# Data Reading

In [None]:
import pandas as pd


df = pd.read_csv("data/funda-rotterdam-11-18-2024.csv")

In [None]:
df.head()

# Data Preparation

Let's first check the shape of the DataFrame:

In [None]:
df.shape

There are 4650 samples and 33 columns

## Standardize Column Names

In [None]:
df.columns

Two changes are made. The period `.` is replaced by `_` such that we can make use of attribute-style access to column names, and the term `blikvanger` is replaced by its English translation, which is `eyecatcher`:

In [None]:
df.columns = (
    df.columns
    .str.replace(".", "_")
    .str.replace("blikvanger", "eyecatcher")
)

## Filtering Data

Not all the data we have is of interest.
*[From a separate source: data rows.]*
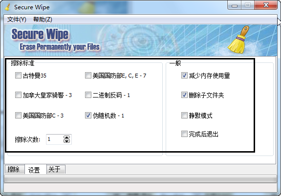 SecureWipe是一个为了数据安全而擦除文件数据的工具,别人恢复不了,适合机密文件的保护。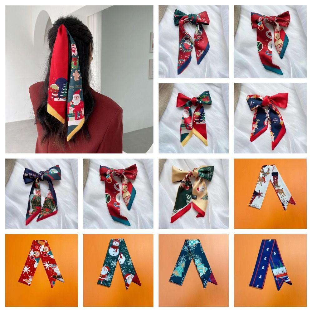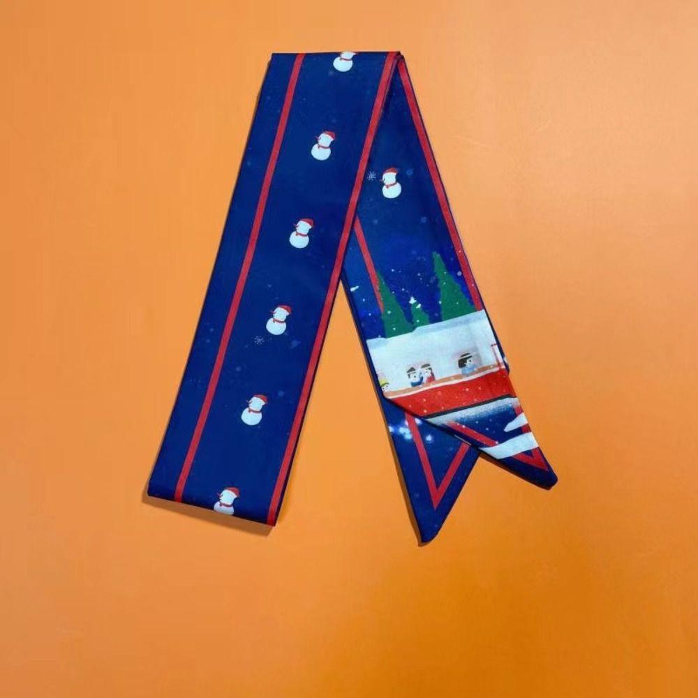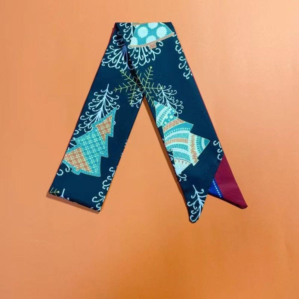 Ribbon Headband Christmas Silk Scarf Printed New Year Scarf Retro Long Scarf Women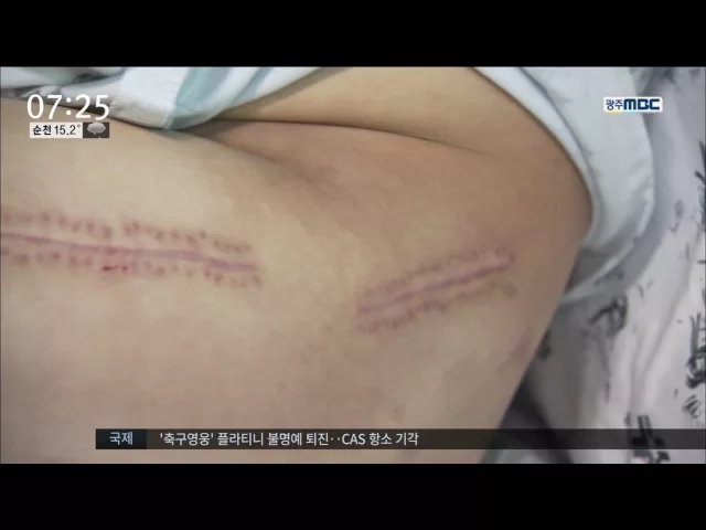 (앵커) 광주의 한 장애인 보호센터에서 40대 장애인이 남성 사회복지사에게 폭행을 당했다는 의혹이 불거졌습니다. 장애인은 병원에 입원 중이며 가족들은 사회복지사 등을 경찰에 고소했습니다. 송정근 기자의 단독보도입니다. (기자) 한 쪽 다리에 피멍이 들어있고, 뼈가 부러져 수술을 받은 다리에는 철심을 박은 자국이...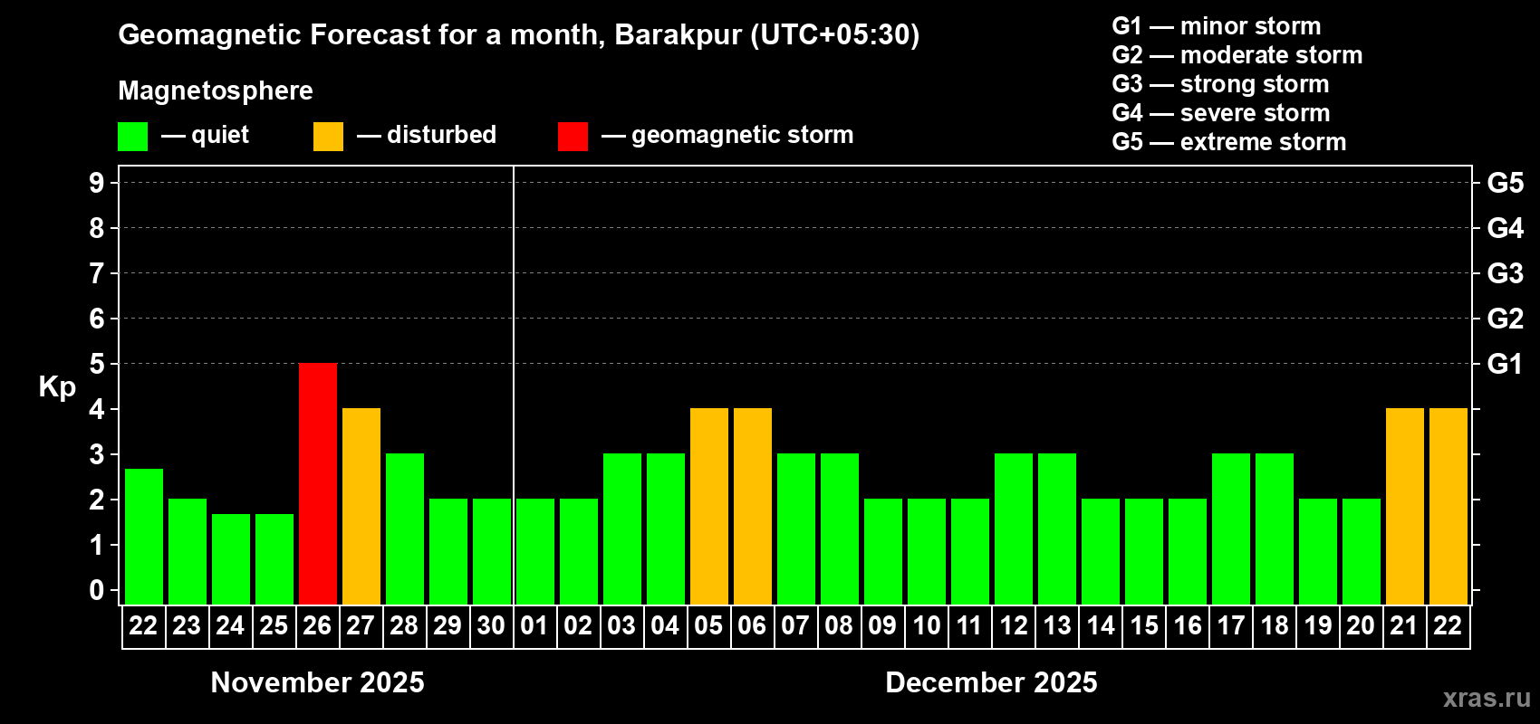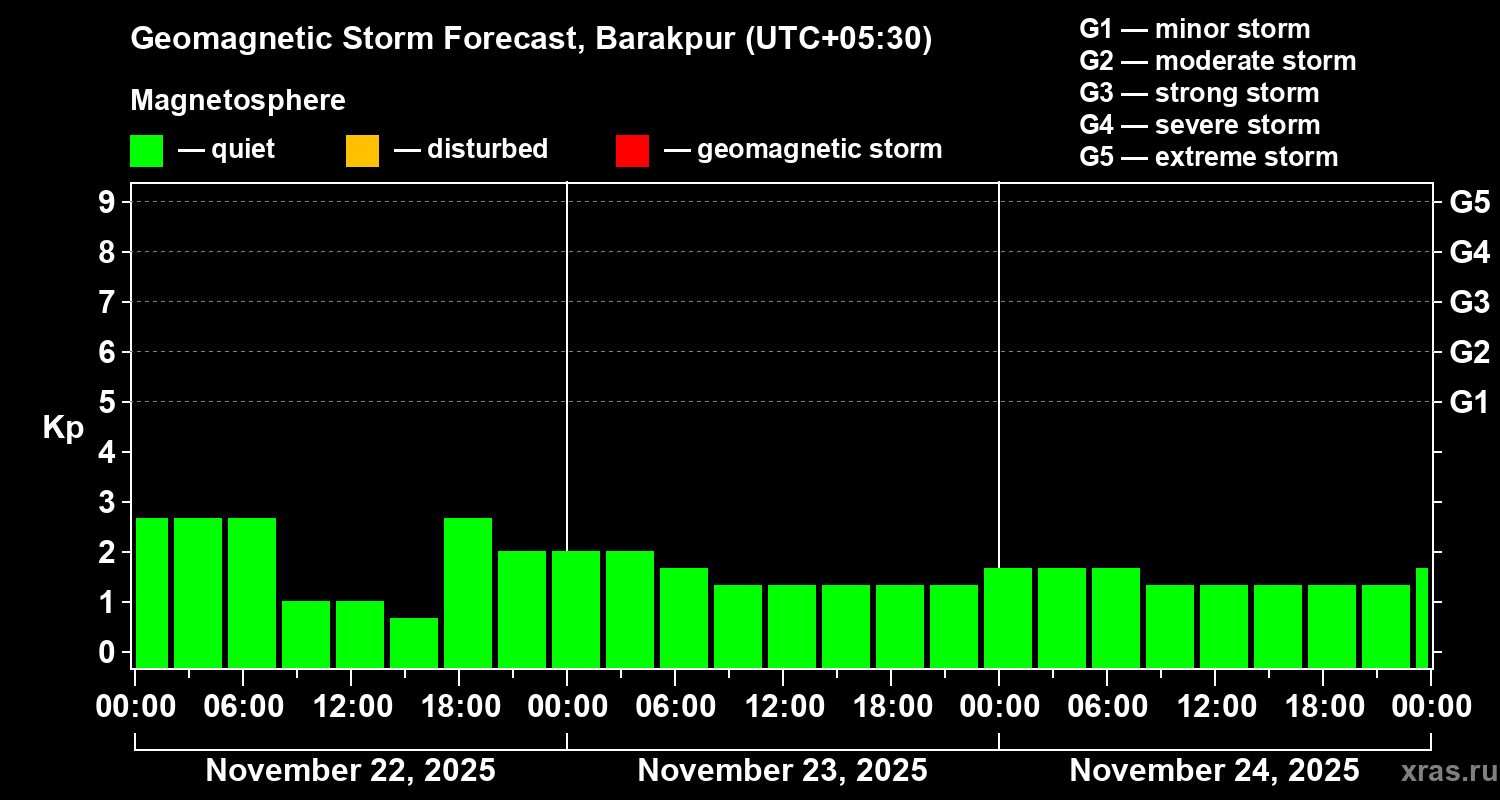 Geomagnetic storm forecast in Barakpur for Nov 22, 2025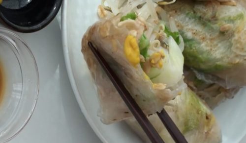 もやしと白菜、ねぎをたっぷり入れた、野菜中心の春巻きです。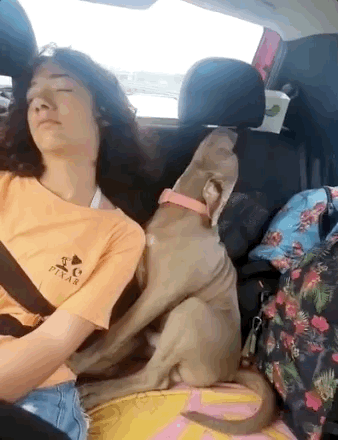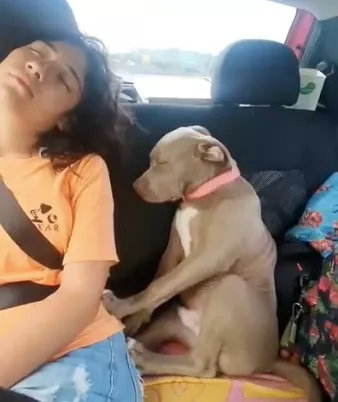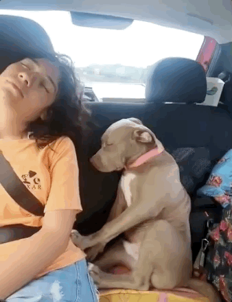 前不久,米国有只恶霸犬“Nino”和铲屎官一起出去游玩,因为玩得太累,一人一狗在回程车上睡的不省人(gou)事。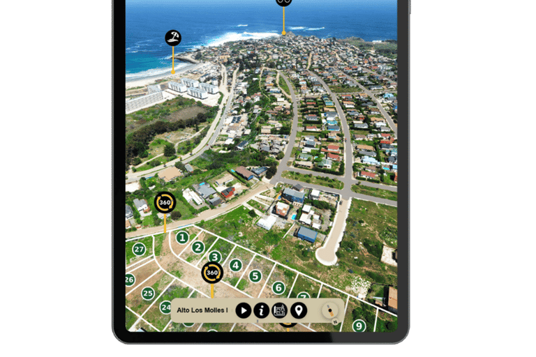 Levantamos el recorrido 360° del terreno e integramos estados y precios por lote, imágenes, videos y documentos descargables. Todo se organiza en una plataforma intuitiva y profesional.

There is one column `object_type`, which contains information on what kind of property is being sold:

In [None]:
df.object_type.unique()

For this project we are only interested in apartments and houses, so we will filter out the rest:

In [None]:
df = df[df.object_type.isin(["apartment", "house"])]

In [None]:
df.shape

This filtered out 88 samples.

There is another column `object_type_specifications_house_type` which specifies what type of house it is. It has the following values:

We are not interested in boats:

In [None]:
df = df[df.object_type_specifications_house_type!="house_boat"]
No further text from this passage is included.